Next message: Fred Hebard: "Re: Refraction"
Marcel,
I am still wondering under what conditions you would get a negative
elevation.
If it's for locating yourself on land, it seems hopeless: If you're at
an unknown location in a valley, and trying to use surrounding
mountains as an indication of horizon, you wouldn't know your height
above sea level to begin with, so wouldn't know how much higher the
mountains were than you, not to mention not knowing how far away they
were. Also, the height of mountains varies, so you would have to know
the precise spot on the mountain below the celestial object, to
determine its height above sea level at that point. It seems hopeless
to me. Better to use an artificial horizon or a plumb bob.
Fred
On Aug 4, 2005, at 12:20 PM, Marcel E. Tschudin wrote:
> Fred,
>
> Yes, how do I get in this? Just trying to cover in a self-made program
> the
> situation from an object at the horizon (over sea level) as seen from a
> mountain or air craft.
>
> The "real" calculation is done via integration.
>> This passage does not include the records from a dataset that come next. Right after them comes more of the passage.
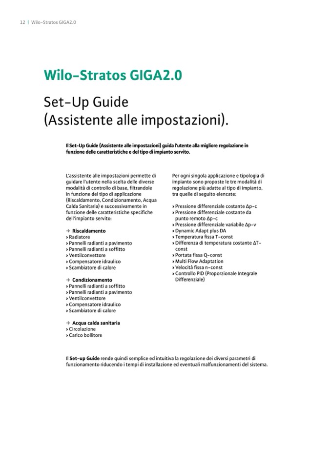 Il Set-up Guide rende quindi semplice ed intuitiva la regolazione dei diversi parametri di
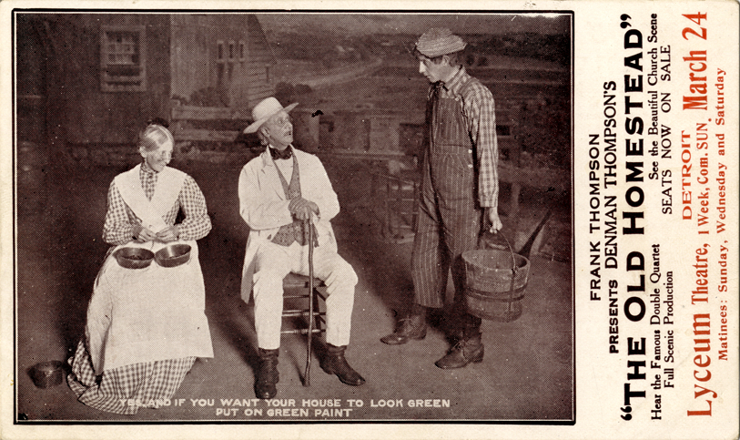 View of three actors in a scene from the play, "The old homestead," performed at the Lyceum Theatre. Printed on front: "'Yes, and if you want your house to look green put on green paint.' Frank Thompson presents Denman's Thompson's 'The old homestead.' Hear the famous double quartet, full scenic production. See the beautiful church scene. Seats now on sale. Lyceum Theatre, Detroit. 1 week, Com. Sun, March 24. Matinees: Sunday, Wednesday and Saturday." Printed on back: "Coming. A correspondent writing from New York City says, concerning Denman Thompson's 'The old homestead.' 'The old homestead,' which was one of the recent attractions at the Academy of Music, is one of the residenters of the stage. Each year a fortune is gathered in by the old standby, which is now in its twenty-sixth year. It is never allowed to run down, nor is the company permitted to be weaned nor to grow slack or careless in portraying the various roles. Plays like this and other, which are close to the soil, have a distinct value to the theatre. They draw a certain clientele that will not come out to any other play, no matter how good it may happen to be. Yesterday afternoon I saw 'The old homestead.' A gentleman in the audience pointed out to me a sweet-faced and gray-haired woman who was enjoying her first play. She was at least sixty-five, perhaps a little older. It was a pleasure to watch that woman as she followed the unfolding of the homely but touching story. One could almost read in her face the things that pleased most. What an experience that must have been. Think of living so many years and without ever having been inside of a theatre. The veteran playgoer would have difficulty in picturing even remotely the sensations that the presentation of a strong and wholesome play like 'The old homestead' would make upon them."
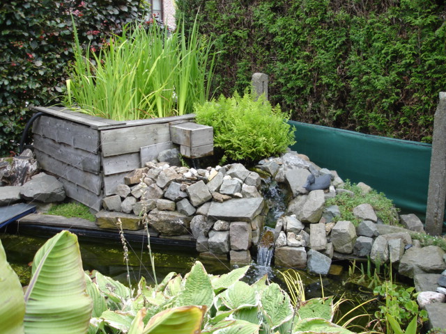 Ik zou hem zowiezo hoger zetten, anders krijg je problemen met de fysicawetten om het onderste water eruit te krijgen... want dat stroomt nog steeds niet omhoog :lol: De wet der communicerende vaten moet je in jouw voordeel laten werken... :mrgreen:
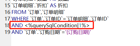 即席查询编写sql语句必须在where条件中加入标识符:<%querySqlCondition|1%>
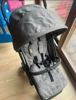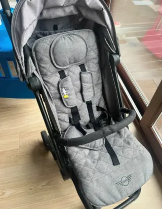 Silla de paseo en color gris, con detalles acolchados y el logo de Mini. - Capota extensible. - Arnés de seguridad de 5 puntos. - Barra delantera. - Ruedas todoterreno.
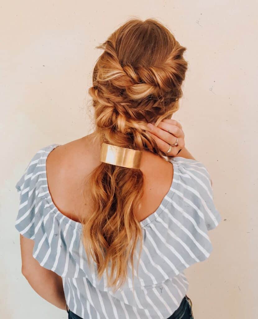 11. Boho Twisted Updo with Gold Cuff Low Ponytail
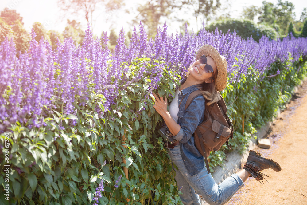 Beautiful woman enjoying flowers field, nice female lying down in meadow of flowers, pretty girl relaxing outdoor, having fun, happy young lady and spring green nature, Freedom concept.
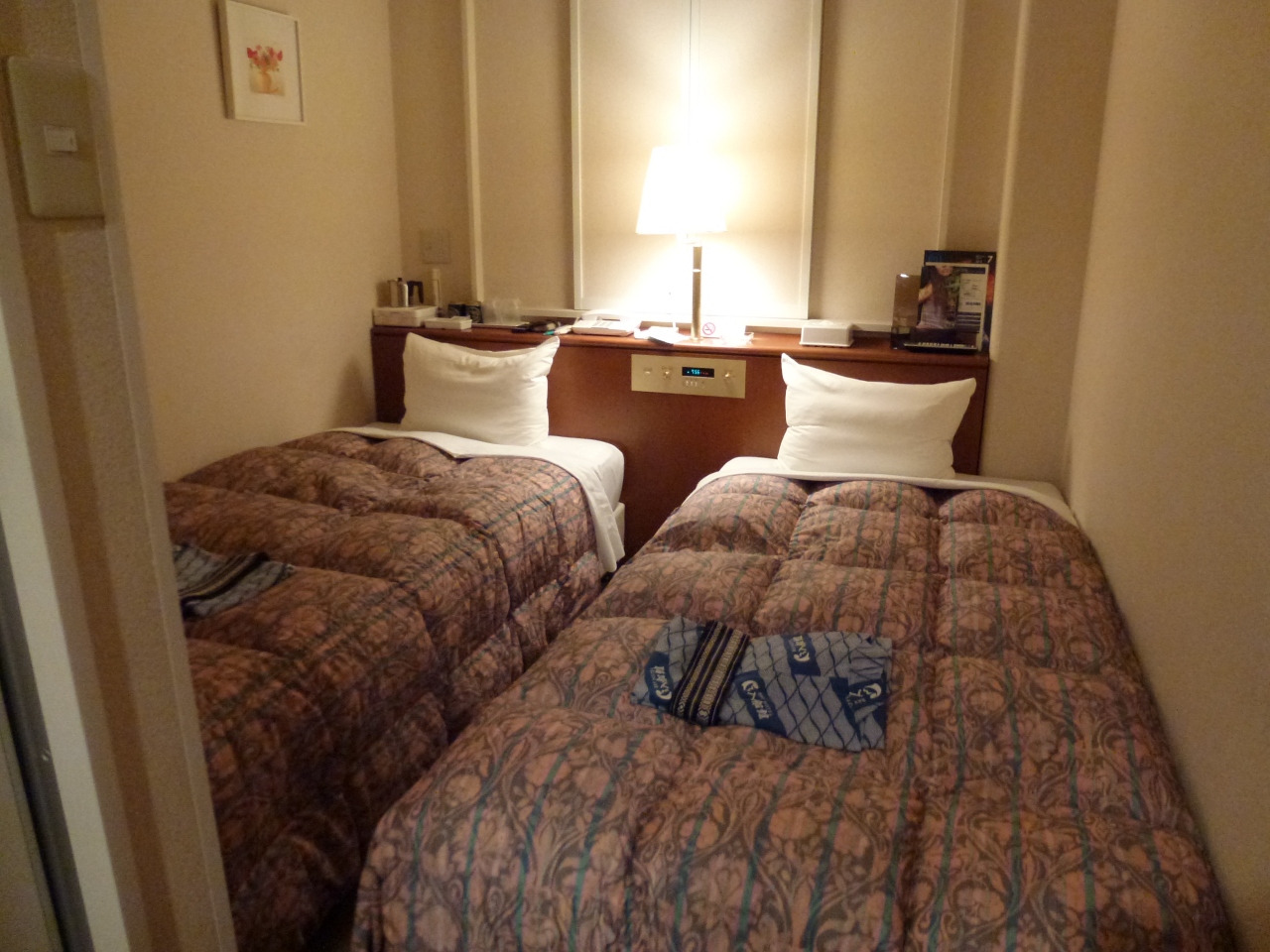 で、ホテルはというと、外観及び客室から判断するに、典型的なビジネスホテルタイプでした。なかなか清潔な感じで、そこは問題なかったのですが、私が泊まった部屋は・・・とにかく狭かったです。
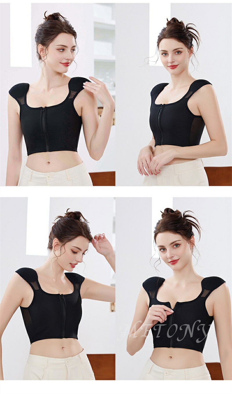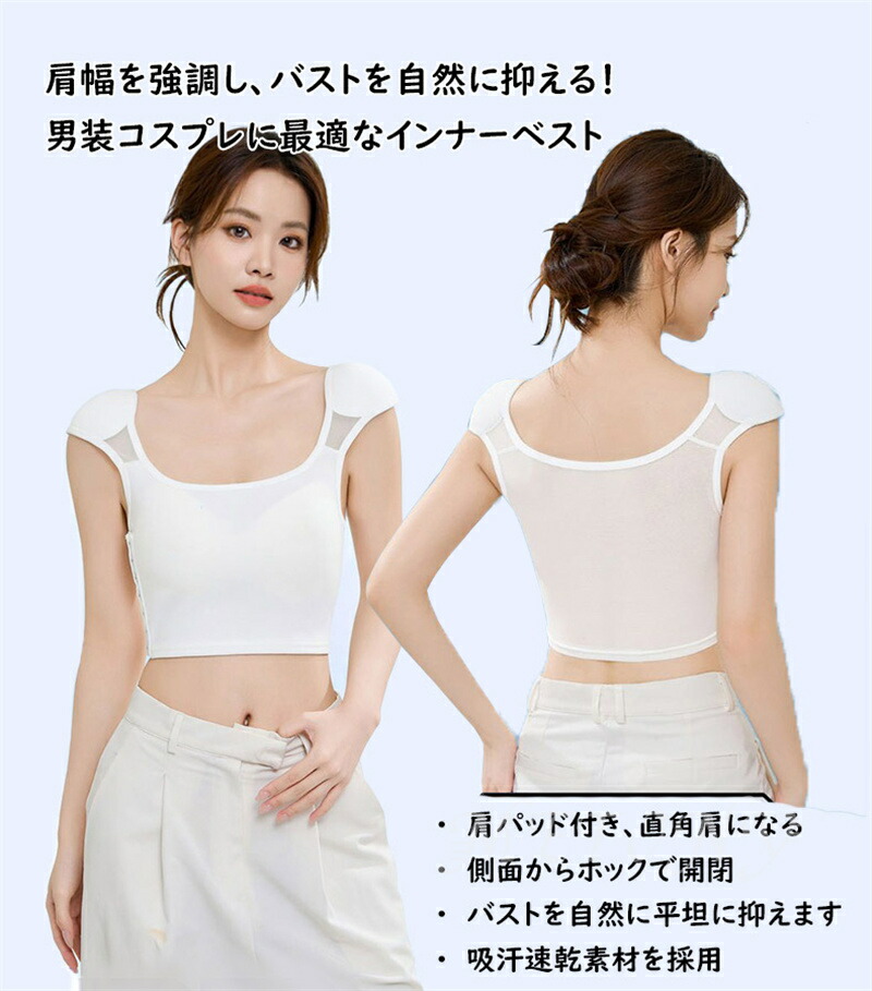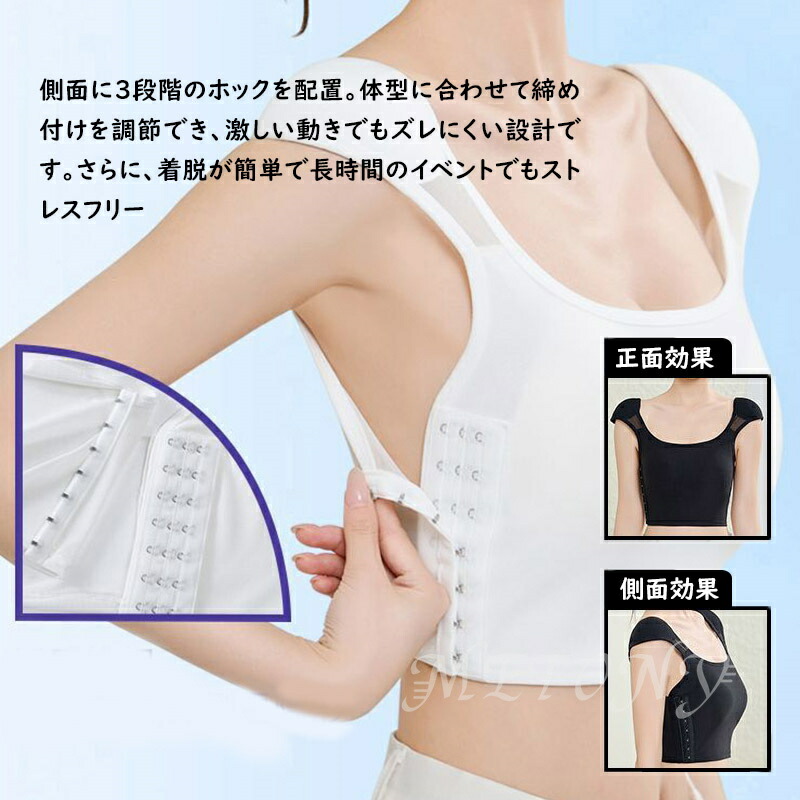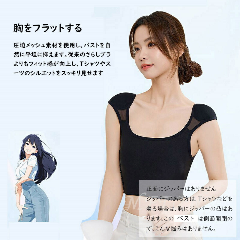 胸を小さく見せる 男装 インナー 胸つ レディース インナー 下着 ブラトップ 続々登場 A側面開閉 B正面ファスナー 黒 白

But since this is not
> very
> practical one uses approximative formulae like e.g. the one from
> Bennett
> which Meeus mentions in his book Astronomical Algorithms. All tables on
> refraction I found so far do end at 0° elevation and for none of the
> approximative formulae I could find an indication that they also would
> be
> valid for negative elevations.
>
> I also was wandering whether the approximate formulae could be used by
> calculating the Refraction R for e.g. -2° the follwing way:
>
> R(-2°) = R(0°) + ( R(0°) - R(+2°) )
>
> If this would be correct then one would not need separate formula for
> negative elevations.
>
> Greetings from Marcel
>